## Problem details
Your copy should hold exactly the lines from the one containing "Any2Web是一款专业的代" through the last line of the entries, and no pictures.

## Records from a dataset
--------

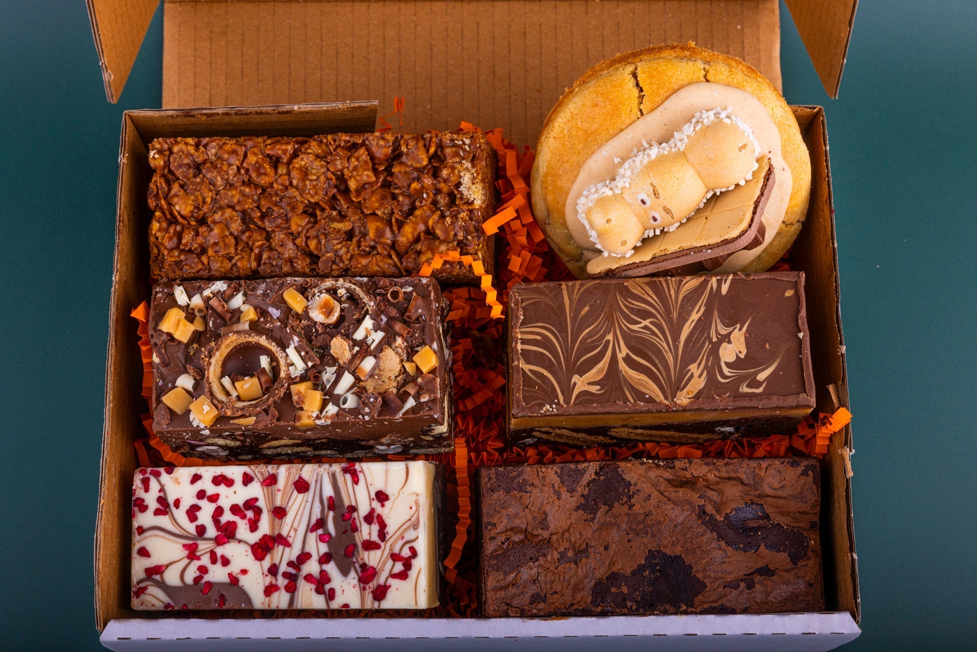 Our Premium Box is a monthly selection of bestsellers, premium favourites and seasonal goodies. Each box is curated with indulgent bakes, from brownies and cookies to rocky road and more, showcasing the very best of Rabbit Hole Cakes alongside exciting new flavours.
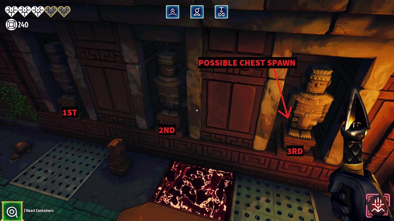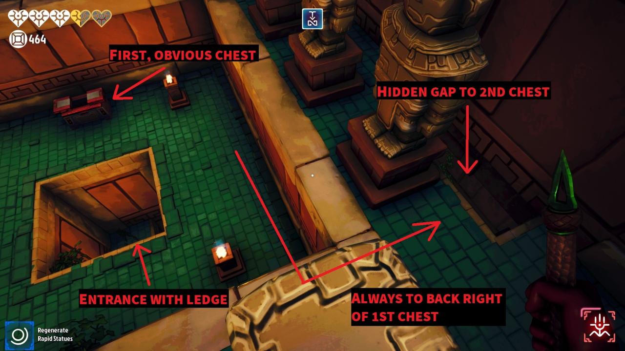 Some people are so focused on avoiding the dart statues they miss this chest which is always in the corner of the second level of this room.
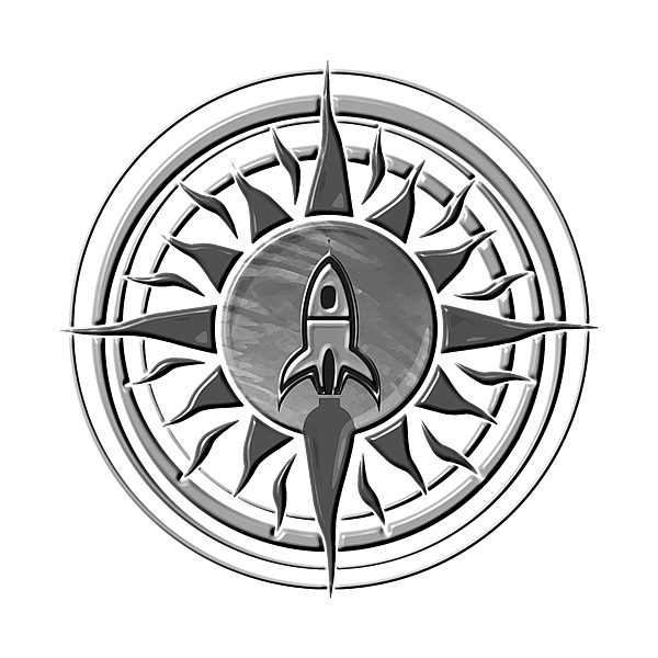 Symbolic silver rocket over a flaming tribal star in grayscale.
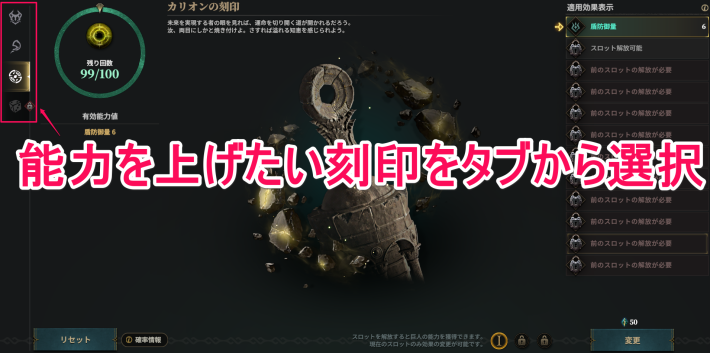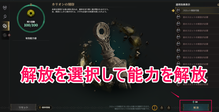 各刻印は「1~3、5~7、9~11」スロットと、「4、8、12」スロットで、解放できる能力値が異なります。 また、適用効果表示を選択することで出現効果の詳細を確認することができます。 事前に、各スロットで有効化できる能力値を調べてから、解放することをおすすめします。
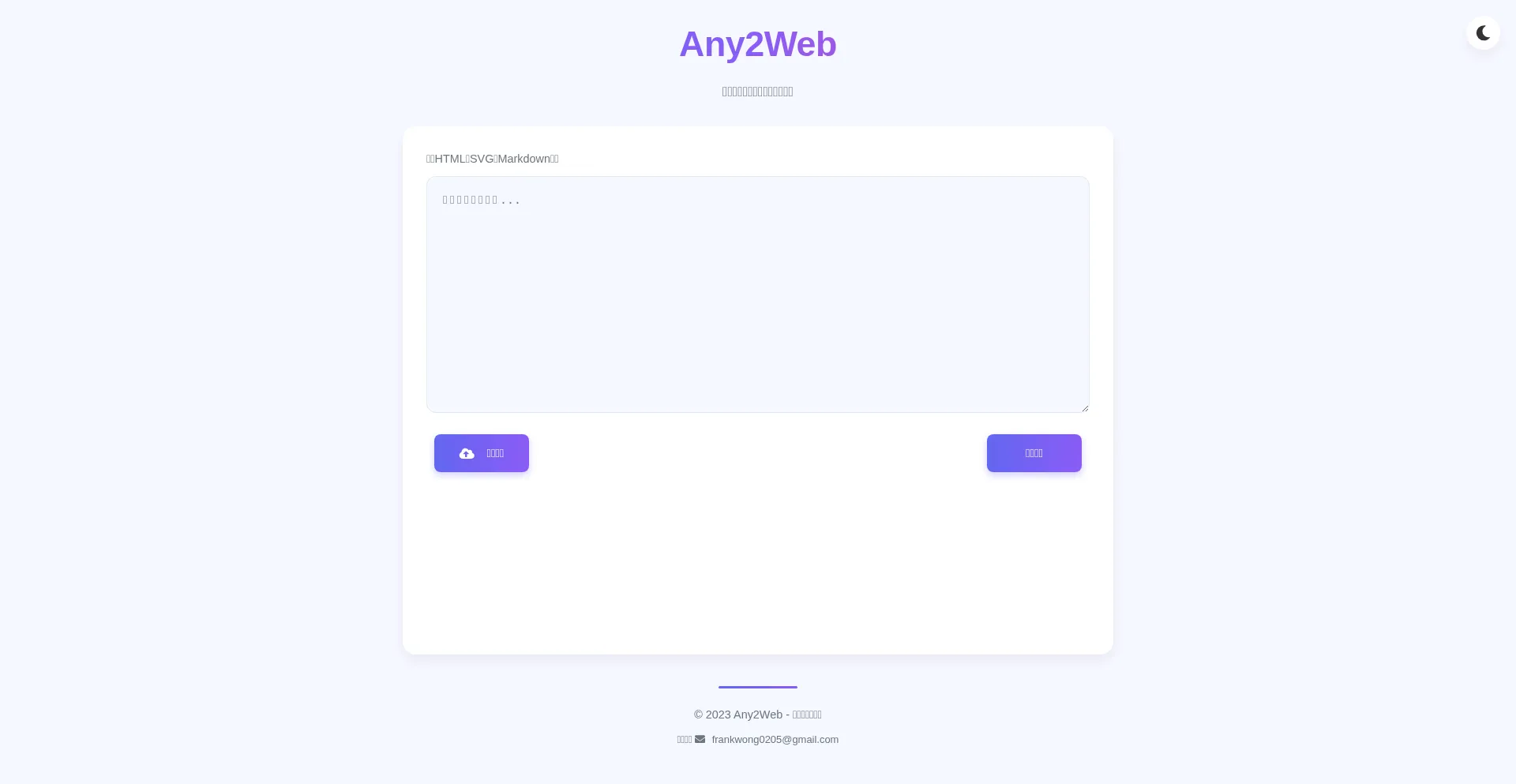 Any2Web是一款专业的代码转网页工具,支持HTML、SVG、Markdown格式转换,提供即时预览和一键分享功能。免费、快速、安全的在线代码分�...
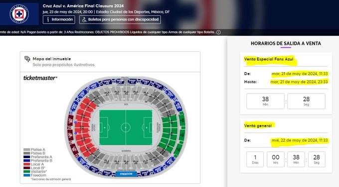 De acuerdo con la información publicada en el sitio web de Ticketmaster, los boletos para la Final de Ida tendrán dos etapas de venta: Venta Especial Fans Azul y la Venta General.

--------

## Response for this exercise
 Any2Web是一款专业的代码转网页工具,支持HTML、SVG、Markdown格式转换,提供即时预览和一键分享功能。免费、快速、安全的在线代码分�...
 De acuerdo con la información publicada en el sitio web de Ticketmaster, los boletos para la Final de Ida tendrán dos etapas de venta: Venta Especial Fans Azul y la Venta General.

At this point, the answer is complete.